ゼロからわかるAWS S3入門|機能・仕組み・利用シーンを解説

ゼロからわかるAWS S3入門 機能・仕組み・利用シーンを解説 わかりやすいAWS解説

AWS S3とは

AWS S3(Simple Storage Service)は、インターネット上でデータを保存・管理できるクラウドストレージサービスです。写真、動画、ドキュメント、バックアップファイルなど、あらゆる種類のデータを安全に保存できます。企業のデータセンターのような「保管庫」をクラウド上に持つイメージです。

AWS S3の基本的な仕組み

バケットとオブジェクトの概念

AWS S3の仕組みを理解するために、2つの基本用語を押さえておきましょう。

バケットは、データを保存するための「容器」です。
例えるならば、クラウド上のフォルダのようなもので、あなたのアカウント内で複数作成できます。
バケット名は、全世界のAWSユーザーで唯一の名前である必要があります。

オブジェクトは、バケットの中に保存される個別のファイルを指します。
ファイルサイズは1バイトから5TBまで対応しており、ほぼすべての種類のデータを保存できます。
各オブジェクトにはメタデータ(ファイルの更新日時や所有者情報など)が付与されます。

スケーラビリティと耐久性

AWS S3の特徴的な強みとして、スケーラビリティがあります。
つまり、保存データ量に上限がなく、小規模から大規模なデータ管理まで対応できるということです。

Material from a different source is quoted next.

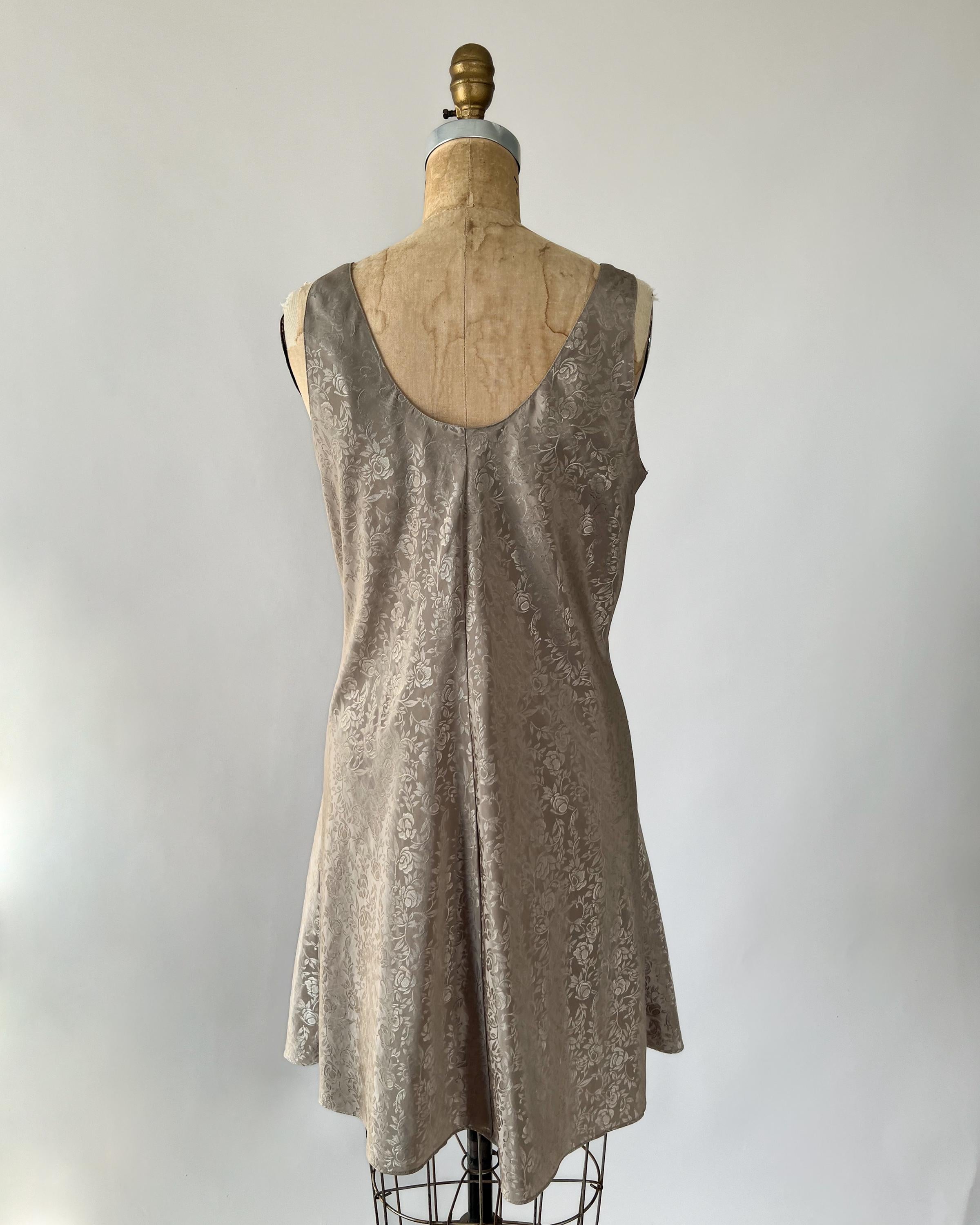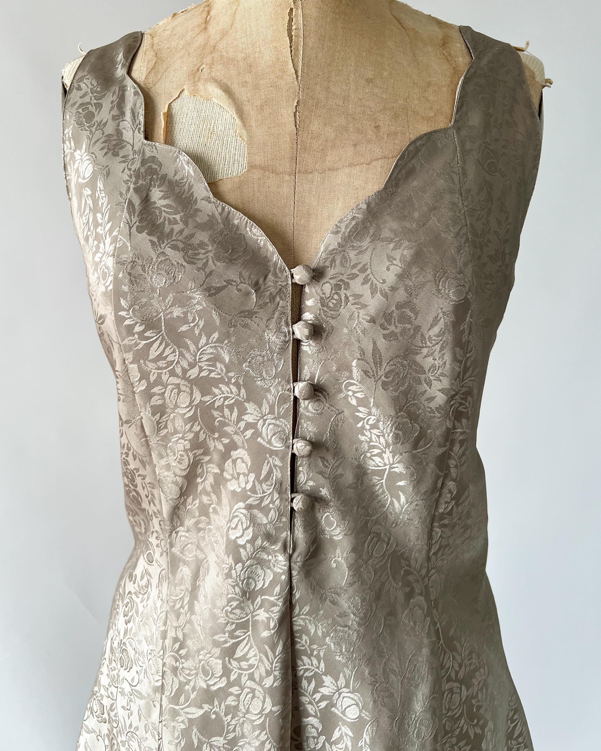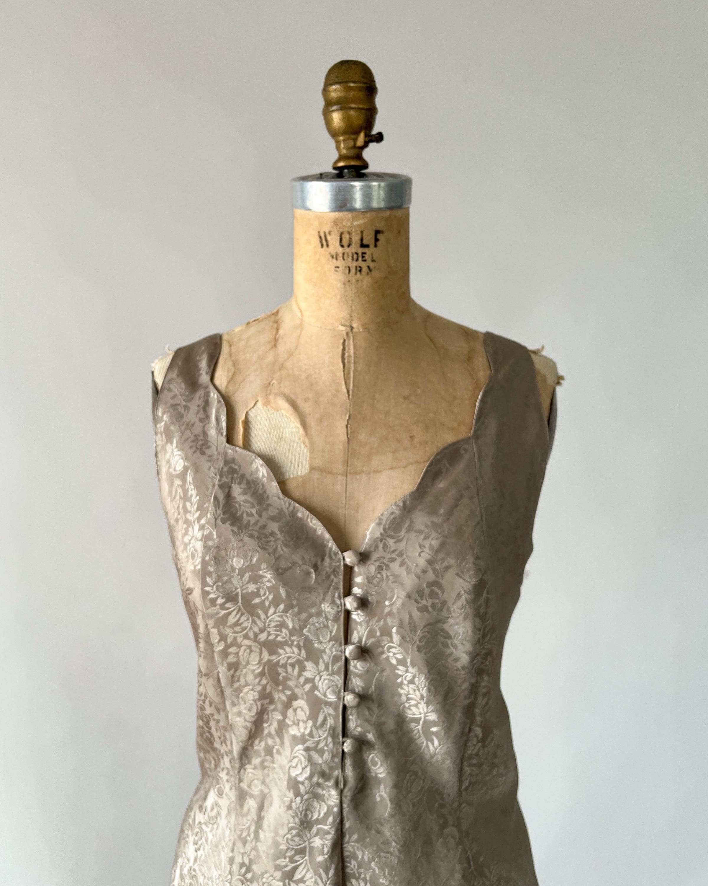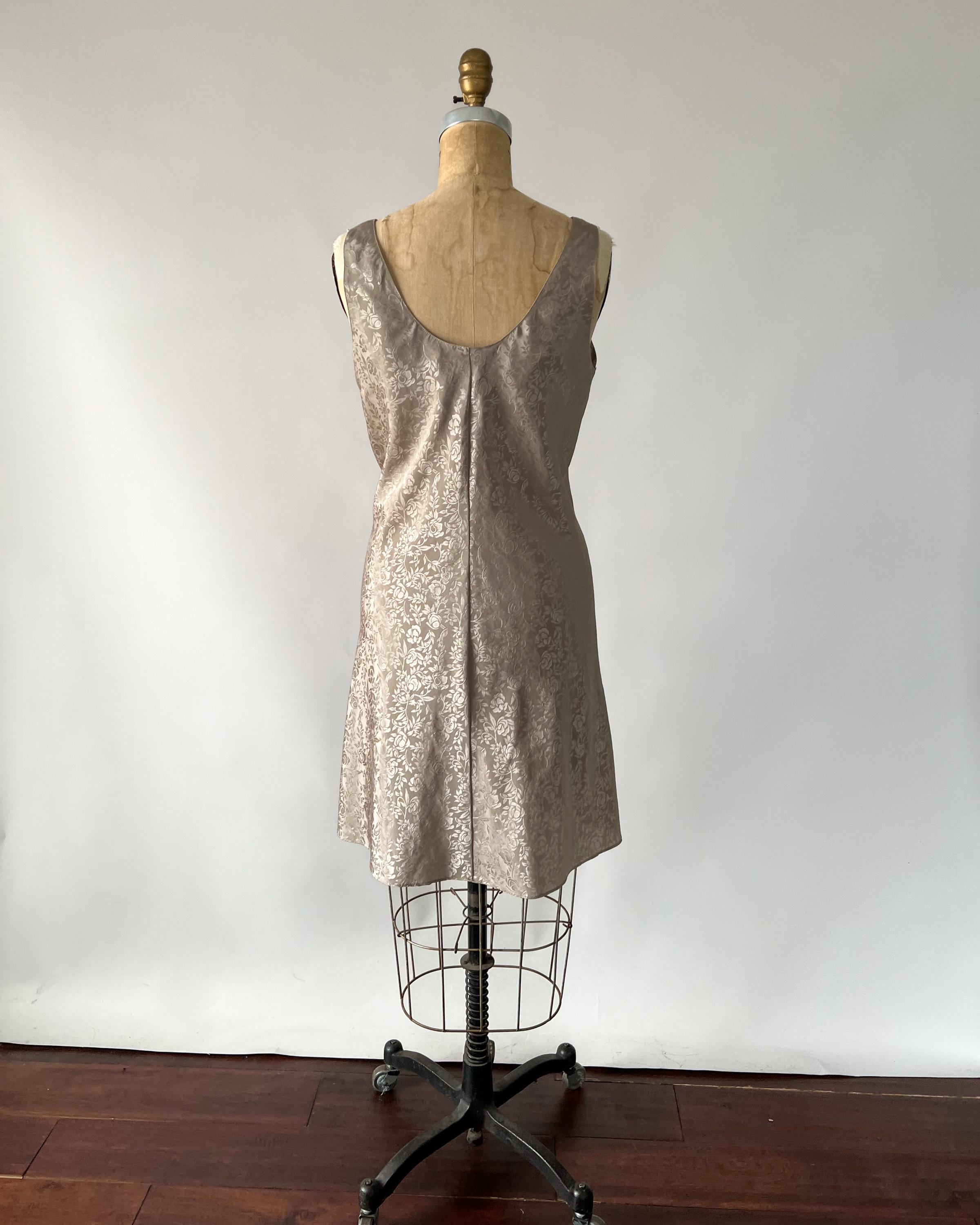A lovely 1990s gold satin Jacquard slip dress! The sleeveless dress has a sexy front scalloped v neck, flattering princess seaming, a nipped waist, and a flared, full skirt in a flirty shorter length. It features front covered buttons. While this may have been intended to be a nightgown, I think it’s cute enough to be worn as a dress!

また、耐久性も高く、99.999999999%(イレブンナイン)の耐久性を提供します。
これは、1000年に1回ファイルが失われる程度の確率です。
アマゾンが複数のデータセンターに自動的にデータをバックアップしているため、1つのデータセンターで障害が起きても、他のデータセンターからデータを復旧できます。

AWS S3の強み・メリット

1. コスト効率の良さ

AWS S3は、使用した容量に応じてのみ料金が発生する従量課金制です。
物理的なサーバーやストレージ機器を購入・管理する必要がないため、初期投資を大幅に削減できます。
また、長期的にはオンプレミスのストレージ管理より圧倒的に低コストです。

2. 高いセキュリティと権限管理

AWS S3は、複数のセキュリティ機能を提供しています。

アクセス制御:バケット単位、オブジェクト単位でアクセス権限を細かく設定できます。
特定のユーザーやアプリケーションにのみアクセスを許可することで、情報漏洩を防ぎます。

サーバー側の暗号化:S3に保存されたデータは自動的に暗号化されるため、盗聴のリスクを軽減できます。

ログ機能:誰がいつ、どのファイルにアクセスしたかを記録できるため、コンプライアンス対応も容易です。

3. グローバルなアクセス性

S3に保存したデータは、インターネット接続があれば世界中のどこからでもアクセスできます。
リモートワークが増加した昨今、このグローバルなアクセス性は大きなメリットです。

4. スピーディなデータ処理

S3は、Amazon CloudFrontのアイコンCloudFront(CDN)と連携することで、世界中の拠点から高速にデータを配信できます。
ユーザーが地理的に分散している場合、ユーザーの近いキャッシュサーバーからデータが配信されるため、ダウンロード速度が大幅に向上します。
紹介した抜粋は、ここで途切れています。